Mas, para além disto, Herzog não deixa de fazer o "seu" filme nem de convocar os seus temas preferidos - em última análise, "Grizzly Man" é um filme sobre o horror e a violência da natureza, e sobre a perdição a que está condenado aquele que cometa a loucura de se querer confundir com ela.

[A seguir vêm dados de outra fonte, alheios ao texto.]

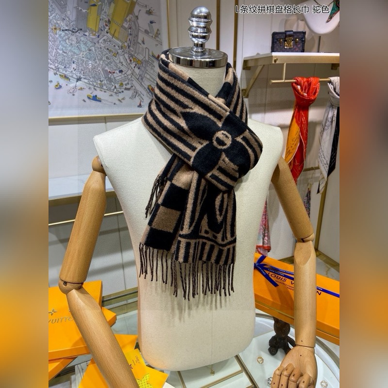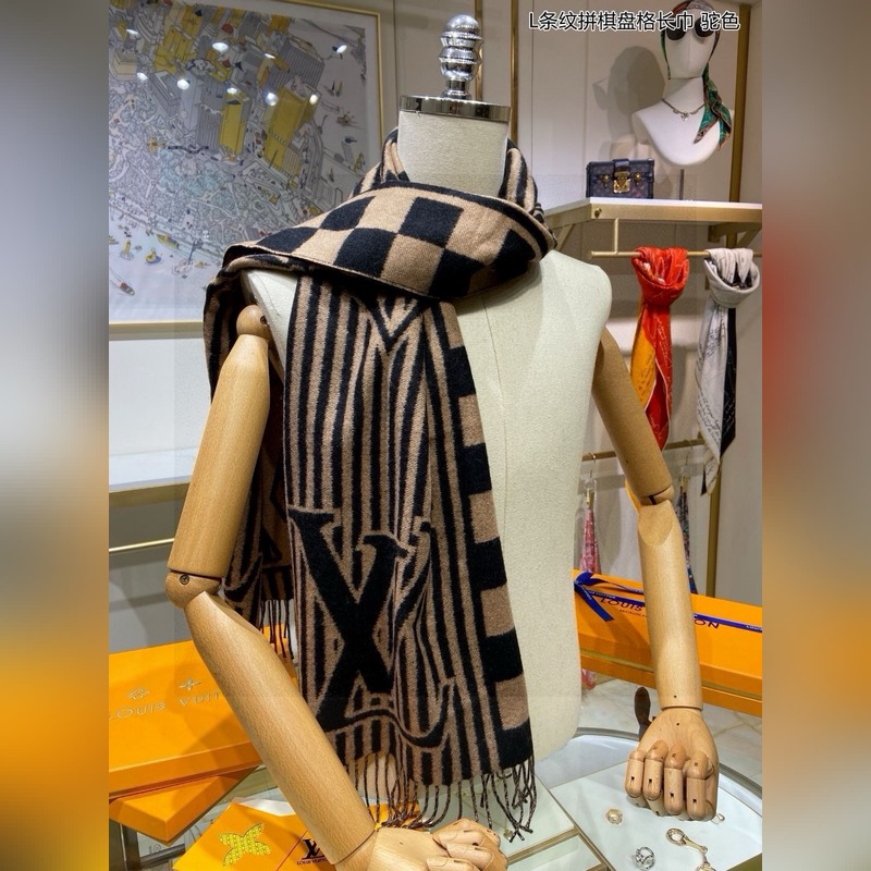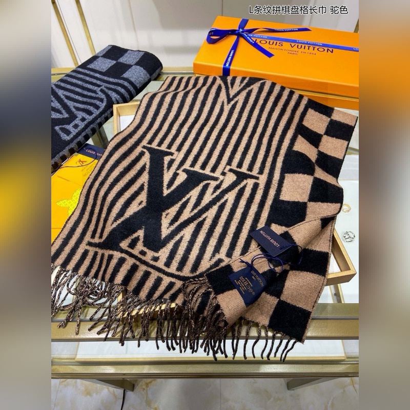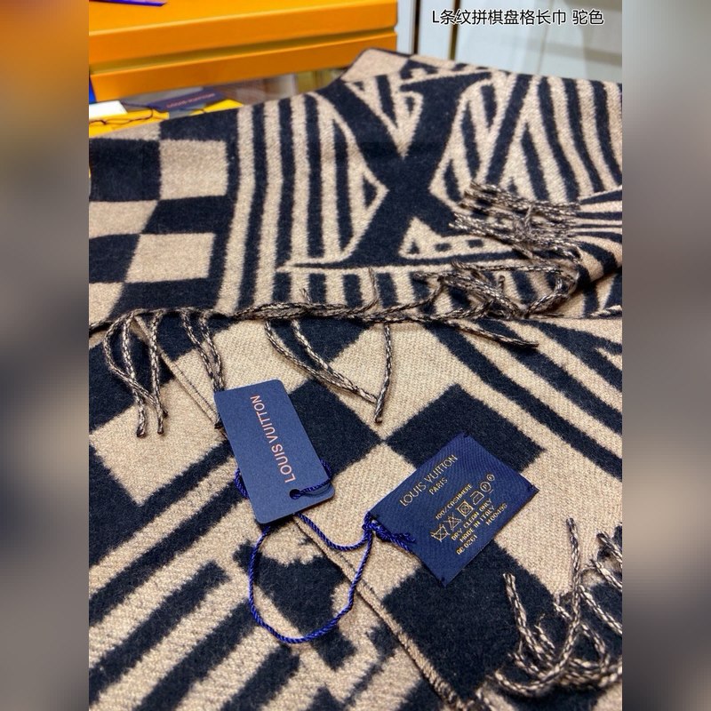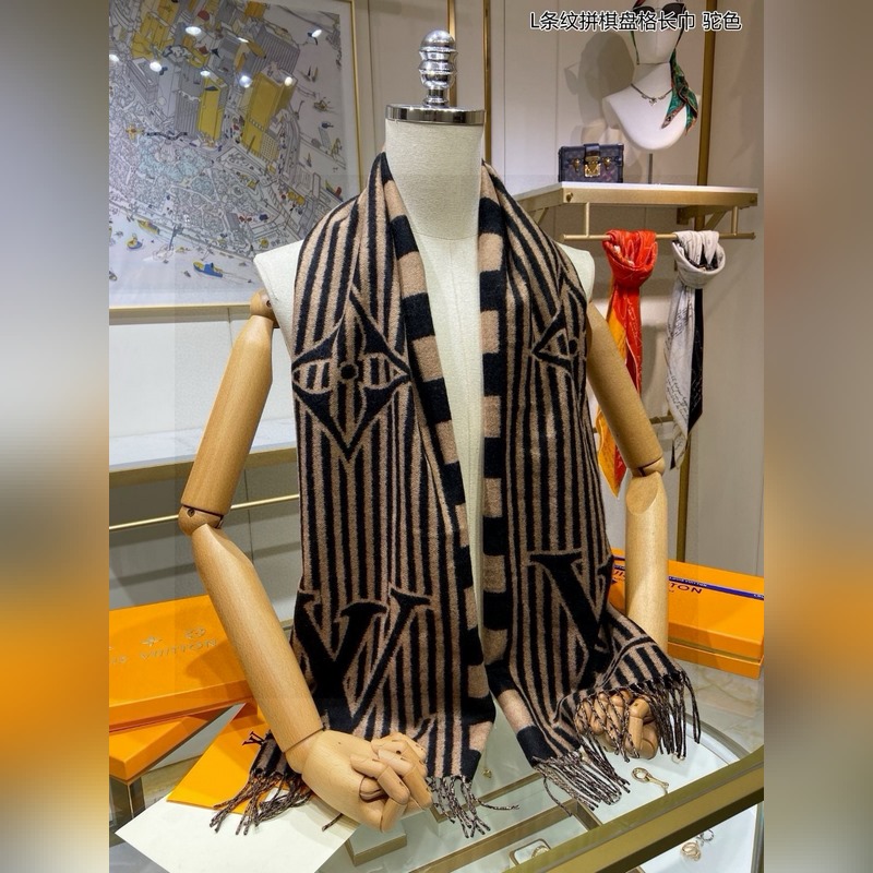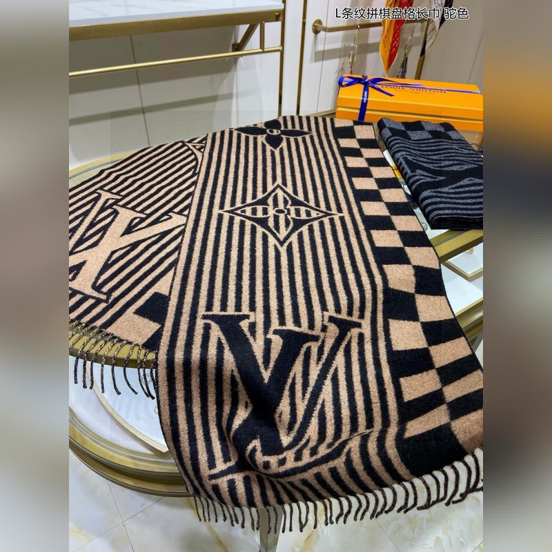 New models are available at the same time as the counters. The new L-striped checkerboard long scarf from LV is a unisex style. The LV Graphical scarf connects the classic Damier pattern and the oversized LV letters with eye-catching stripes, and is paired with rustic tassel trims. Soft cashmere creates a gorgeous texture. Highly recommended. Be quick. The price is really good. This size is not too big or too small, and it is very easy to match. The quality is super good. You will understand the high-end quality when you get it. The high-end details are what you see. A heavyweight offer. VIP customers must buy it. 100% cashmere, size: 40*179cm
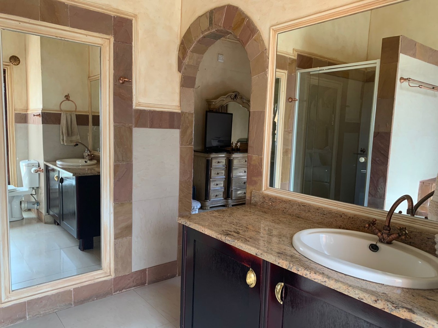 Hidden away in a peaceful lifestyle environment, this French inspired home is filled with warmth, character and a sense of lived in beauty. The open concept living area flows comfortably to a spacious lounge. The dining room’s easy access is enjoyed by the country style kitchen with well fitted cupboards and separate scullery. The main en-suite bedroom is situated on the first level and offers magnificent views of the dam. The staircase leads you downstairs to the pyjama lounge, study and three bedrooms, one bedroom is en-suite and the other two bedrooms are served by a bathroom. The bedrooms enjoys access to the garden and swimming pool. The entertainment patio is cosy and perfect for al fresco dining and good quality family time. Hard to find - quick to go in this popular estate.
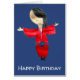 Japanese birthday ! From an original cartoon illustration by artist Zoe Tuong of a Japanese cute doll dressed in traditional red kimono costume. This cute Asian influenced art style from Japan illustration is colourful and the background colour can be changed to suit your taste.
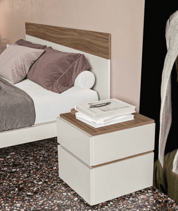 La composizione GL-08 ti offre una camera completa, composta da Letto Toledo, comodino e comò del gruppo System. Il letto matrimoniale Toledo è realizzato in nobilitato e propone una contrapposizione di colori freddi e caldi nella testiera, dove spicca la fascia superiore diagonale in nobilitato Noce, il resto della struttura è realizzata nella finitura color perla. Propone quindi un effetto bicolor con l’accostamento del Noce ed il Perla, un motivo che viene ripreso in tutti gli elementi. Il gruppo System composto da Comodino bicolore a 2 cassetti e comò a 3 cassetti in tre finiture: Noce, Perla e Beige; dispongono di scocche realizzate con pannelli in melamminico, piedini regolabili, cassetti con apertura push-pull.
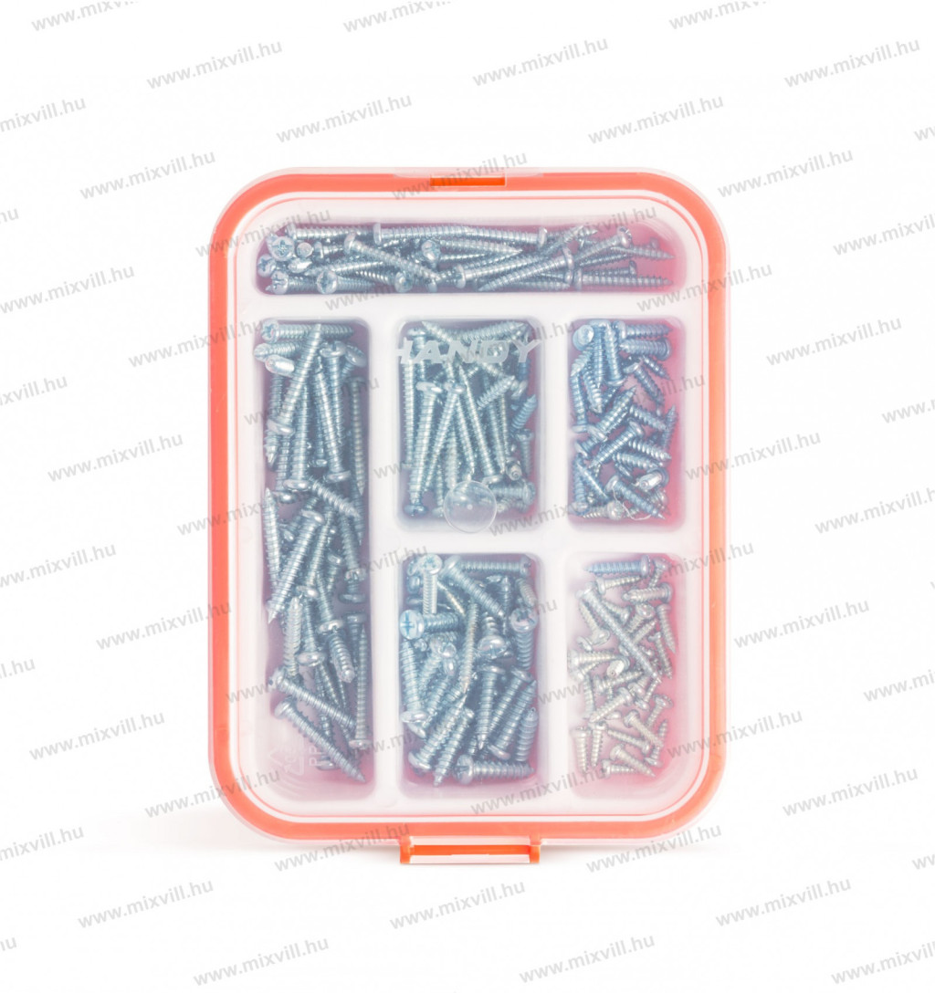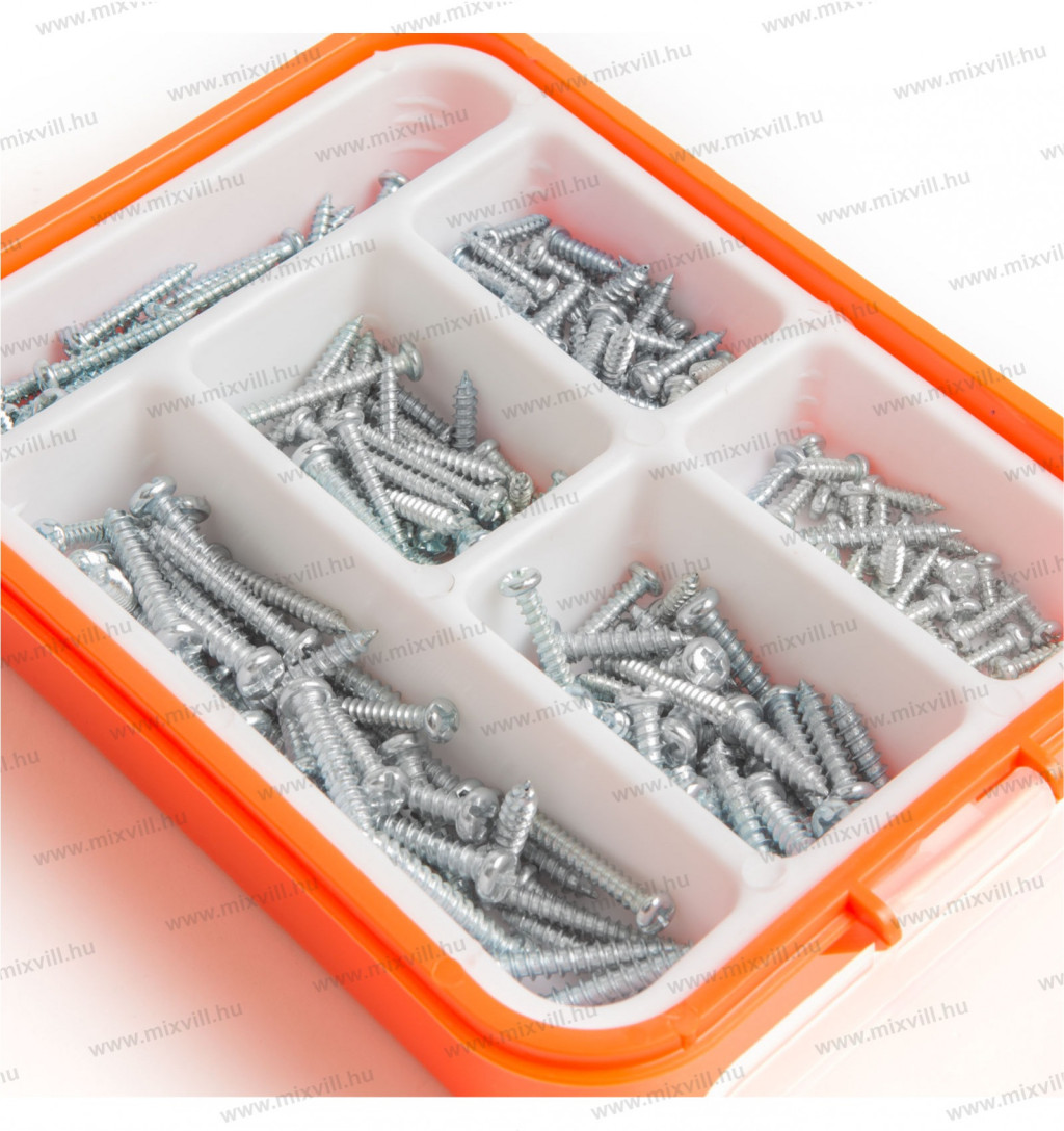 Horganyzott felületű acél csavarok különböző méretben egy szettben. Bármely háztartási barkácsoláskor szükséges kellék lehet a csavar. Az önmetsző menetnek köszönhetően nincs szükség előfúrásra, így a rögzítési folyamat egyszerűen és gyorsan elvégezhető! A praktikus átlátszó doboztető nagyfokú áttekinthetőséget biztosít.
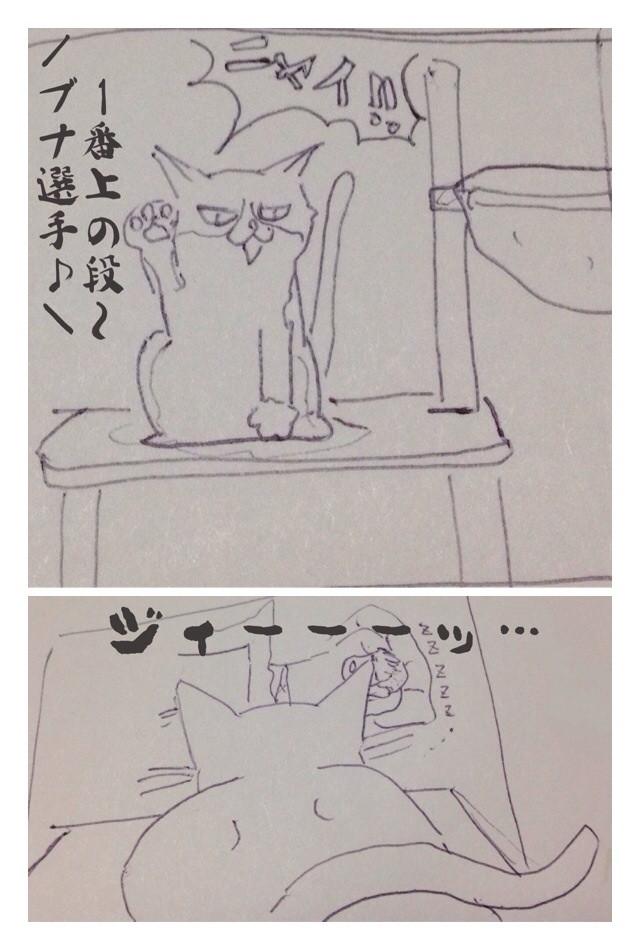 納得はできないらしく、キャットタワーからうたた寝しているカモちんを見守る。のかと思いきや…
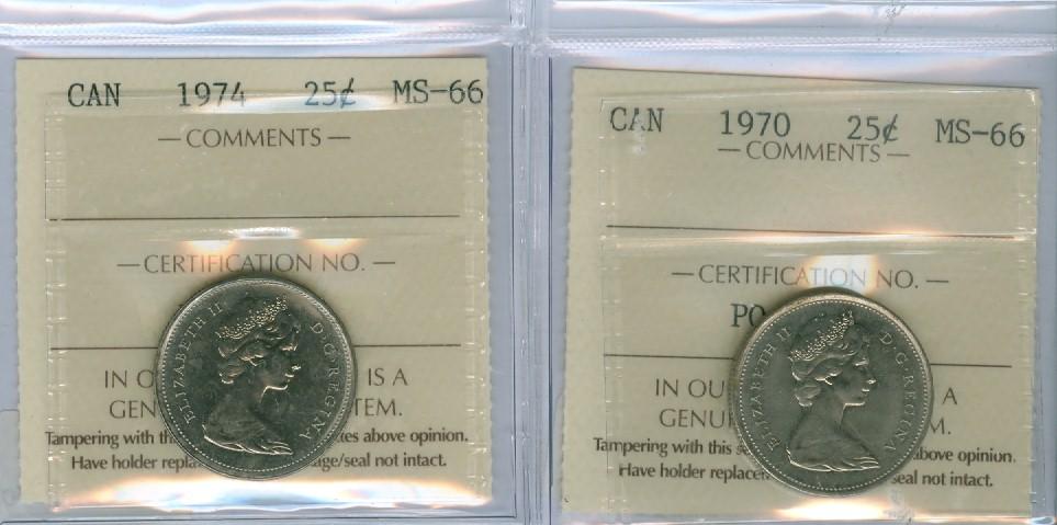1970 & 1974 25¢ ICCS MS66. Gem issues.
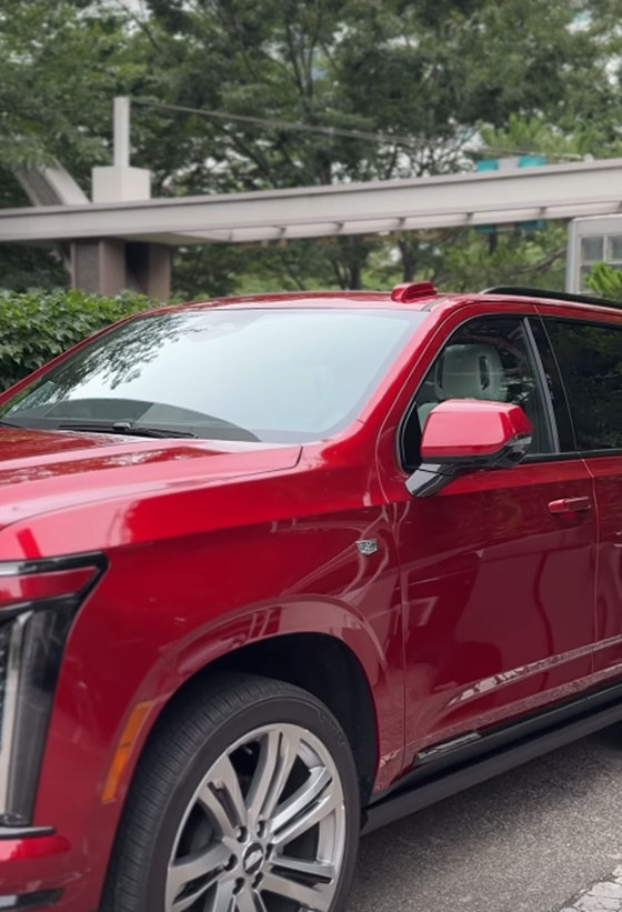 빨간색 SUV 차량은 고급스러우면서도 유니크한 디자인으로 눈길을 끌었다.
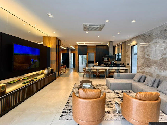 São 240 m² de área construída em um terreno de 420 m², com uma planta inteligente e muito bem distribuída. A residência conta com 3 suítes amplas, ambientes integrados, bem iluminados e projetados para oferecer praticidade no dia a dia sem abrir mão do requinte.
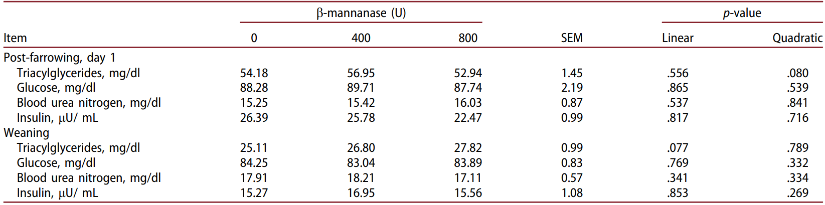 β-mannanase의 식이 수준을 높이는 것은 모돈에 있어서 분만 후 및 이유 시 혈액 대사 산물(트리아실글리세리드, 포도당, BUN 및 인슐린)에 영향을 미치지 않았습니다(p > .05) (Table 4).
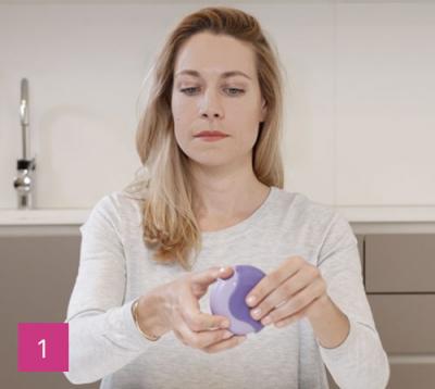 Nehmen Sie das Mundstück in den Mund und umschließen Sie es mit den Lippen. Atmen Sie nun so tief Sie können durch den Mund ein. Beißen Sie dabei nicht auf das Mundstück.
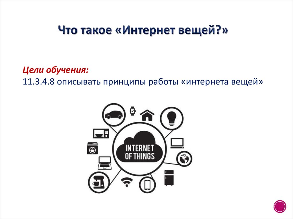 Цели обучения:11.3.4.8 описывать принципы работы «интернета вещей»

Herzog deixa-o explícito quando, perante um grande plano de um urso (possivelmente o urso que matou Treadwell), a narração, assegurada pelo próprio realizador (num inglês com imbatível sotaque germânico), diz mais ou menos isto: "Onde Treadwell via, neste olhar, afecto e empatia, eu vejo apenas indiferença e quando muito um enfastiado interesse em comida".

Isso é um dos curto-circuitos interessantes de "Grizzly Man", que muito contribui para o insólito do filme: o facto de Herzog, para lá de toda a proximidade que possa sentir pelo gesto de Treadwell, filmar contra as suas ideias. Mas o mais indescritível é o modo como o realizador dá largas à sua célebre morbidez e ao seu não menos lendário sadismo. "Grizzly Man" abunda em momentos que deixam qualquer um de boca aberta de espanto. Por exemplo, uma descrição pormenorizadíssima da morte de Treadwell (e do estado em que ficou o que sobrou do seu corpo) feita por um exuberante médico legista nitidamente apaixonado pela sua profissão. Ou esta pérola de humor negro: Herzog, em frente à tal ex-namorada (produtora executiva do filme, lembre-se), ouve nos auscultadores o registo áudio do momento em que Treadwell foi comido (a câmara estava tapada e não registou imagens); quando acaba de ouvir diz algo como "isto é terrível, prometa-me que vai destruir esta gravação se não ela vai-se tornar num elefante branco no seu quarto"; ela, compungida, acena que sim, entre lágrimas; e depois Herzog não resiste: "e prometa-me também que nunca vai ver as fotografias que o médico legista lá tem...".